Question

In a meter bridge, as shown in the figure, it is given that resistance $Y=12.5 \, \Omega$ and that the balance is obtained at a distance $39.5\, cm$ from end $A$ (by Jockey $J$). After interchanging the resistances $X$ and $Y$, a new balance point is found at a distance $l_2$ from end $A$. What are the values of $X$ and $l_2$ ?

• A. $8.16 \, \Omega$ and $60.5\, cm$
• B. $19.15 \, \Omega$ and $39.5\, cm$
• C. $8.16 \, \Omega$ and $39.5\, cm$
• D. $19.15 \, \Omega$ and $60.5\, cm$

Answer 1

The Correct Option is A

To solve this problem, we need to apply the concept of a meter bridge which is based on the principle of Wheatstone bridge. The meter bridge is used to measure unknown resistance by balancing two legs of a bridge circuit.

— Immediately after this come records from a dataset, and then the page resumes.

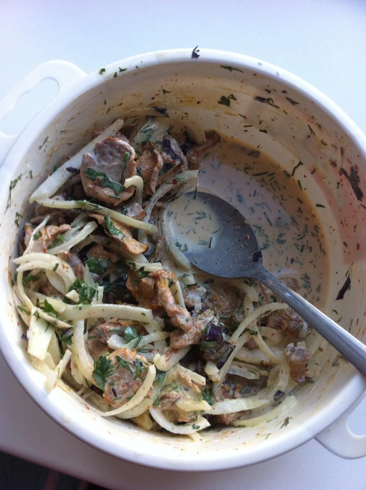 ШАГ 1 Взять 400 грамм отваренных лисичек, промыть их перед употреблением.
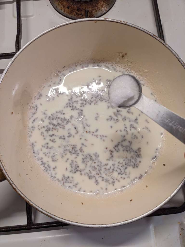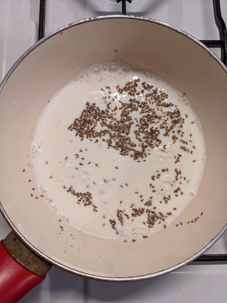 Pop the cup of milk and a tsp of aniseed seeds into a saucepan and warm gently over a low heat until warm, but not boiling! No milk skin here thank you Grandma!
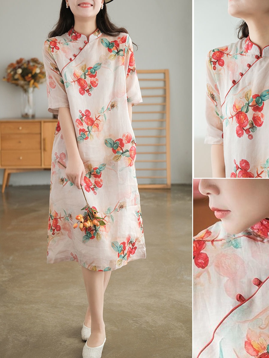 改良されたチャイナドレス 2025 夏の新しい女性のレトロ文学エスニックスタイル年齢を減らす西洋スタイルの綿とリネンのスカート
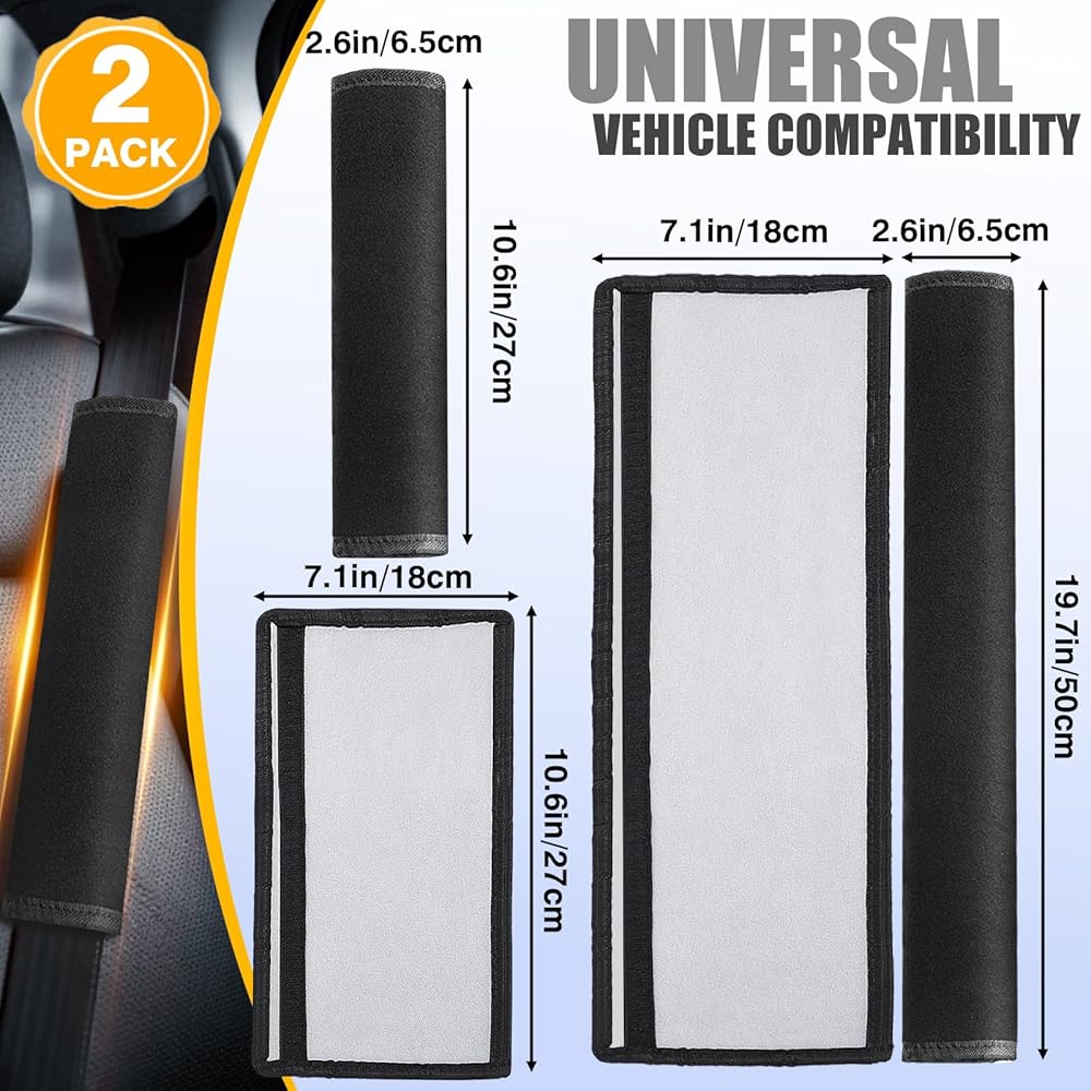 Universal Vehicle Compatibility -- Includes 2PCS seat belt shoulder pads, they fit various models such as sedans, SUVs, pickups, trucks, etc. The shoulder pads are soft and comfortable, suitable for all ages, relieving shoulder pressure and making you feel relaxed on every journey
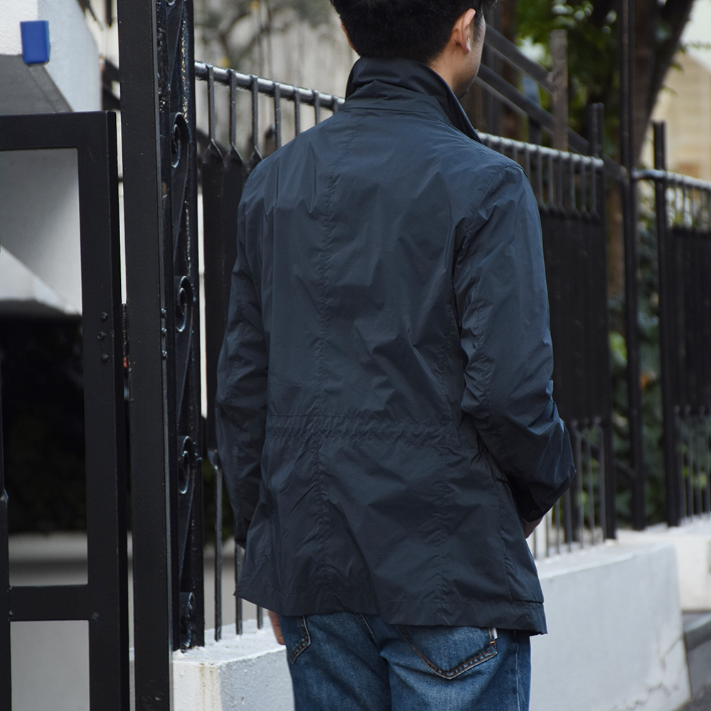 ・耐久性と防風性を備え、表面には撥水加工が施されており、機能的でもあります。グレー掛かったネイビー1色のラインナップ。

The condition for balance in a Wheatstone bridge is given by:

\(\frac{X}{Y} = \frac{l_1}{(100-l_1)}\)

Given:

• Y = 12.5 \, \Omega
• l_1 = 39.5 \, cm

Substitute the known values into the formula:

\(\frac{X}{12.5} = \frac{39.5}{60.5}\)

Let's solve for \(X\):

X = 12.5 \times \frac{39.5}{60.5} = 8.16 \, \Omega

After interchanging the resistances \(X\) and \(Y\), the balance point \(l_2\) becomes:

\(\frac{Y}{X} = \frac{l_2}{(100-l_2)}\)

Substitute the values:

\(\frac{12.5}{8.16} = \frac{l_2}{(100-l_2)}\)

Cross multiply and solve for \(l_2\):

12.5 \times (100 - l_2) = 8.16 \times l_2
1250 - 12.5 \times l_2 = 8.16 \times l_2
1250 = 20.66 \times l_2
l_2 = \frac{1250}{20.66} = 60.5 \, cm

Thus, the values of \(X\) and \(l_2\) are \(8.16 \, \Omega\) and \(60.5 \, cm\) respectively.

The correct answer is therefore: 8.16 \, \Omega and 60.5 \, cm.